■ **Task to complete**:
Return the listing in full and exactly, but without a single picture.

■ **Data section**:
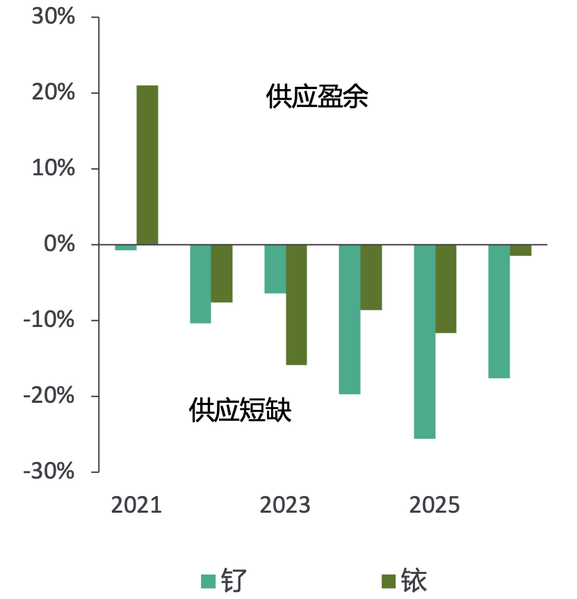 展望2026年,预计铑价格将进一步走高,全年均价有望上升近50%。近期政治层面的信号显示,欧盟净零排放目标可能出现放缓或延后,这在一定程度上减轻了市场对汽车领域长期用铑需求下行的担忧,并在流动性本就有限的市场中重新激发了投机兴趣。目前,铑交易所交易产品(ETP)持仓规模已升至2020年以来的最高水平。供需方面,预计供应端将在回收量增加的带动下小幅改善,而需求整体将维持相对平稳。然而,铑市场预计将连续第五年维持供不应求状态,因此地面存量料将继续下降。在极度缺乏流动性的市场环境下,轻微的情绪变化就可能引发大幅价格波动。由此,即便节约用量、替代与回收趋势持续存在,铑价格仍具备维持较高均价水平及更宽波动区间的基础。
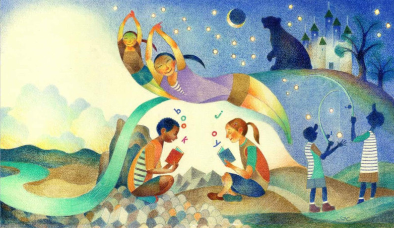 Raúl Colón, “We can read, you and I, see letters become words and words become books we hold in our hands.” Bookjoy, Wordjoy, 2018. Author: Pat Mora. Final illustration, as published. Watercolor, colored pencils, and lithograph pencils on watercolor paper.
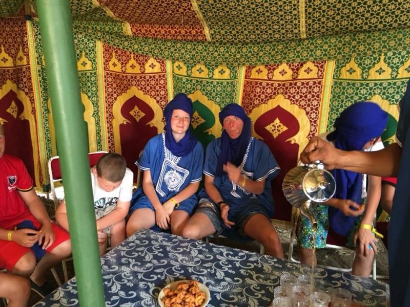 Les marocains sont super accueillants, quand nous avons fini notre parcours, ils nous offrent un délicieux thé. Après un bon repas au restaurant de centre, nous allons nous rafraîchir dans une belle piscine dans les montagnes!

■ **Answer below**:
 展望2026年,预计铑价格将进一步走高,全年均价有望上升近50%。近期政治层面的信号显示,欧盟净零排放目标可能出现放缓或延后,这在一定程度上减轻了市场对汽车领域长期用铑需求下行的担忧,并在流动性本就有限的市场中重新激发了投机兴趣。目前,铑交易所交易产品(ETP)持仓规模已升至2020年以来的最高水平。供需方面,预计供应端将在回收量增加的带动下小幅改善,而需求整体将维持相对平稳。然而,铑市场预计将连续第五年维持供不应求状态,因此地面存量料将继续下降。在极度缺乏流动性的市场环境下,轻微的情绪变化就可能引发大幅价格波动。由此,即便节约用量、替代与回收趋势持续存在,铑价格仍具备维持较高均价水平及更宽波动区间的基础。
 Raúl Colón, “We can read, you and I, see letters become words and words become books we hold in our hands.” Bookjoy, Wordjoy, 2018. Author: Pat Mora. Final illustration, as published. Watercolor, colored pencils, and lithograph pencils on watercolor paper.
 Les marocains sont super accueillants, quand nous avons fini notre parcours, ils nous offrent un délicieux thé. Après un bon repas au restaurant de centre, nous allons nous rafraîchir dans une belle piscine dans les montagnes!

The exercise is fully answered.